Sa médi­ta­tion sur la vie et sa per­cep­tion du monde s’expriment dans une langue intel­li­gente et limpi­de, par­fois proche ici de celle d’un Robert Walser. Ses mer­veilleuses descrip­tions de la nature n’ont rien à envi­er à celles d’un Adal­bert Stifter. Clé de voûte de l’imaginaire willem­sien, réc­it prim­i­tif au cœur de son écri­t­ure, L’herbe qui trem­ble est fait de plusieurs réc­its imbriqués où le nar­ra­teur scrute les liens affec­tifs entre des hommes et des femmes, pour la plu­part jeunes, en une sorte de fable de la créa­tion du monde et de la recherche du par­adis per­du. Du cou­ple orig­inel d’Adam et Ève, il passe aux divers­es rela­tions qui unis­sent  plusieurs per­son­nages, lui-même y com­pris, en dif­férentes con­trées, au cours de divers voy­ages à tra­vers l’Europe, en une longue médi­ta­tion dif­frac­tée sur le réel et la réal­ité, la cru­auté ou l’insignifiance du monde, la recherche poé­tique de l’origine.

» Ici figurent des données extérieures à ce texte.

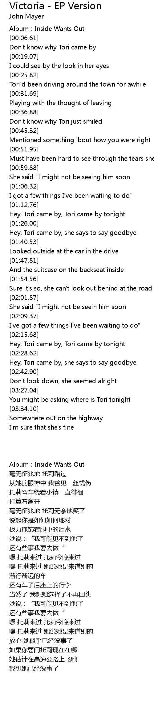 | [02:18.31] | Hey, Tori came by, Tori came by tonight |
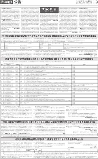 浙江省浙商资产管理有限公司对浙江百思得彩印包装有限公司等28户债权企业债权资产处置公告
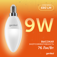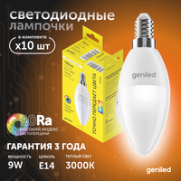 Купить Светодиодная лампа Энергосберегающая Geniled E14 C37 9Вт 3000K 90Ra Свеча 10 шт с доставкой по всей России.
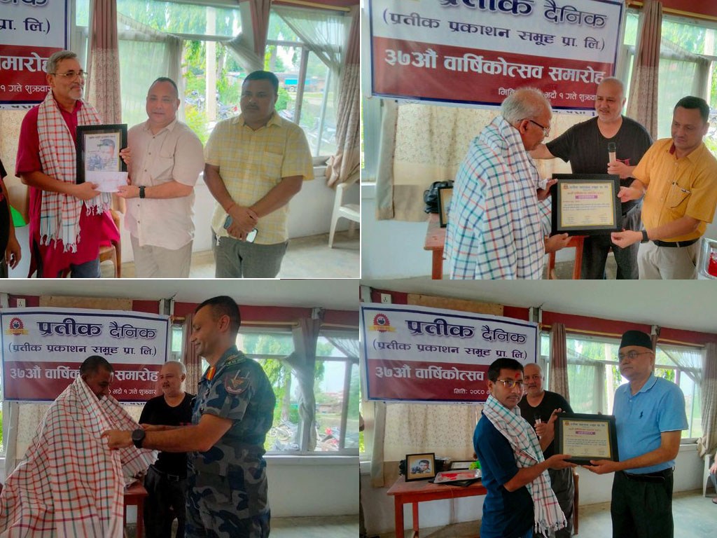 प्रतीक दैनिक ३६ औं वर्ष पूरा गरी ३७औं वर्षमा प्रवेश गरेको अवसरमा विभिन्न व्यक्तिलाई सम्मानित गरिएको छ भने स्व सुबोध सिंह स्मृति पुरस्कारबाट पत्रकार चन्द्रकिशोर झा सम्मानित भएका छन् ।
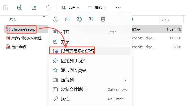 3.打开解压后的文件夹,鼠标右击【ChromeSetup.exe】,选择【以管理员身份运行】。
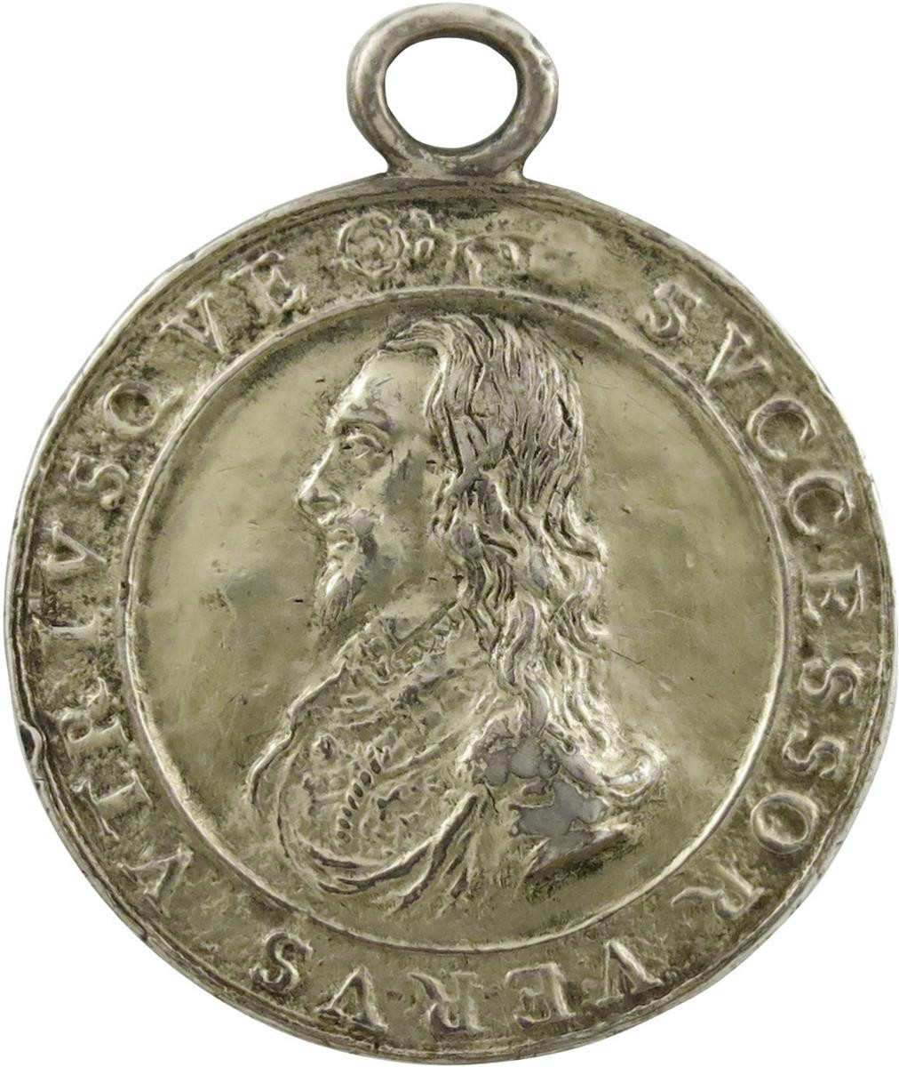 Charles I, Death and Memorial, cast gilt-silver medal, 1649, by Thomas Rawlins], bust left, hair long, in falling collar and decorated armour, two roses above, plain in field, SVCCESSOR VERVS VTRISQVE, rev., a hammer striking a diamond placed on an anvil, INEXPVGNABILIS, 42.5mm, (MI 340/187; cf Eim. 157; Platt I, type A, pp. 244-45), with integral ring for suspension. Very fine with original gilding, an extremely rare variety.

Plusieurs champs métaphoriques sont con­vo­qués. L’unité orig­inelle est représen­tée par une tasse de porce­laine très fine, bleutée, dont un acci­dent a répan­du partout des éclats, des débris, qui par­fois sont aus­si vastes que des paysages entiers. À la foudre qui émi­et­ta l’unité d’un monde à peine créé, métaphore d’une cat­a­stro­phe ini­tiale, Willems fait répon­dre le coup de foudre amoureux, qui boule­verse et ori­ente les des­tins indi­vidu­els. Comme si aimer était, avec l’écriture, le voy­age et la mer, des moyens de déjouer à la fois notre  damna­tion du par­adis ter­restre et le seul moyen de rompre avec une réal­ité prosaïque pour retrou­ver le sens de l’émerveillement des orig­ines.

L’orage, le tor­rent, la mer, ou l’élément liq­uide, indiquent l’énormité, la total­ité, la divinité, la cat­a­stro­phe, le fatum. La forêt, la terre, la ville, la mai­son, les ruines, élé­ments solides, sont  au con­traire le lieu du bor­nage, du viable à la mesure de la fragilité humaine. La neige, la lumière, les ciels, le vent et les météorolo­gies, les voy­ages et les déplace­ments sont ici des élé­ments aériens, dis­ant le flux de la vie, qui don­nent une pro­fondeur aux méta­mor­phoses affec­tives de l’être humain.

Chez Paul Willems, la pureté idéale s’élève jusqu’au sub­lime ou s’effondre dans le trag­ique. Le désir, le néant et la poésie sont au cœur de cette œuvre, qui, dans ce réc­it fab­uleux et dif­frac­té, par­le de « la quête, en ce monde actuel de plus en plus morne, prosaïque et minéral, des débris de par­adis qui le parsè­ment encore et qui témoignent, ne serait-ce qu’un instant, de la beauté mythique et de l’énergie des orig­ines » (Paul Emond). Car nous sommes for­més de richess­es trans­par­entes et impal­pa­bles.